▶ _Task prompt_: Print the data that follows word for word, leaving out any picture.

▶ _Information provided_:

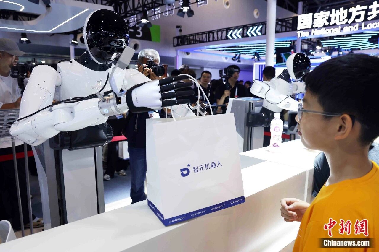 2025年7月26日,2025世界人工智能大会在上海开幕。图为机器人分发产品资料。中新社记者 汤彦俊 摄
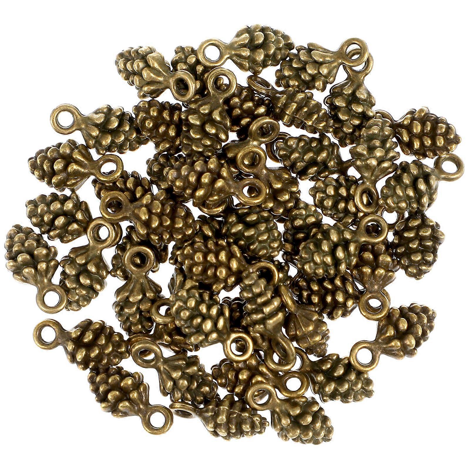 50pcs Christmas Pine Cone Alloy Small Pendant Nature Nuts Charm for DIY Jewelry Making Accessories (Antique Brass)
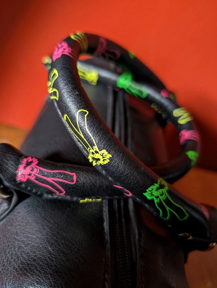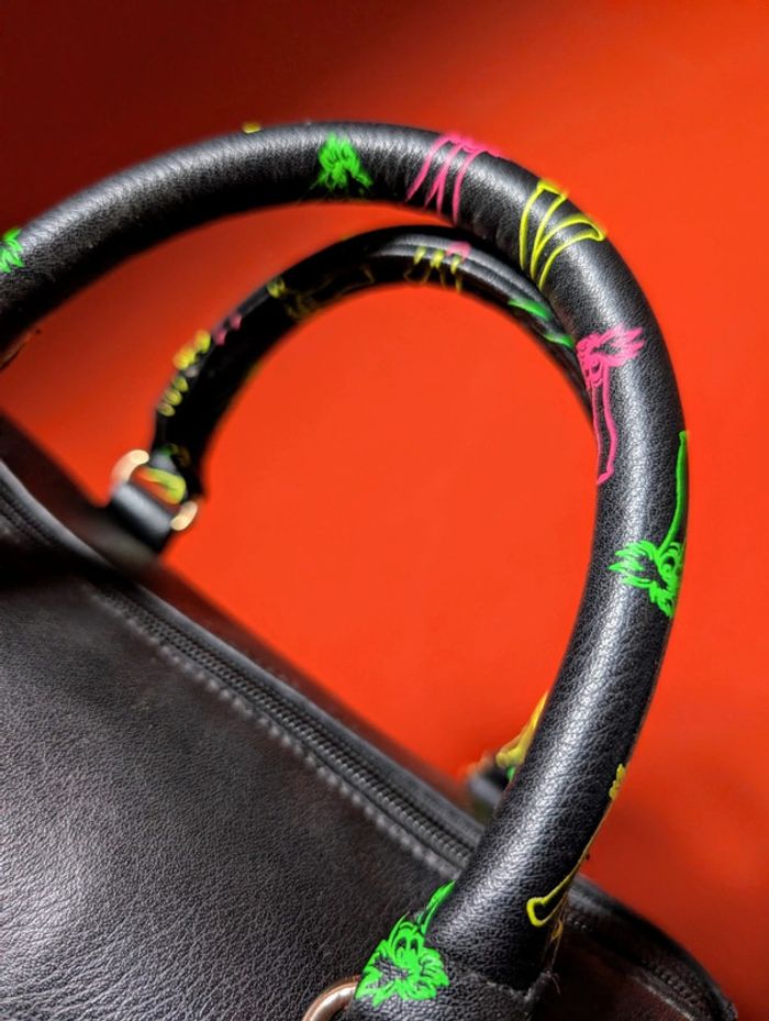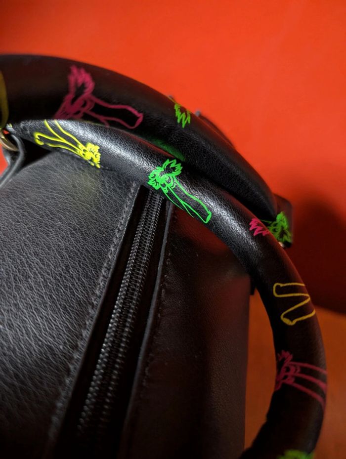 Des momeraths fluo et multicolore sont imprimés en léger relief sur les anses

▶ _Solution for this task_:
 2025年7月26日,2025世界人工智能大会在上海开幕。图为机器人分发产品资料。中新社记者 汤彦俊 摄
 50pcs Christmas Pine Cone Alloy Small Pendant Nature Nuts Charm for DIY Jewelry Making Accessories (Antique Brass)
 Des momeraths fluo et multicolore sont imprimés en léger relief sur les anses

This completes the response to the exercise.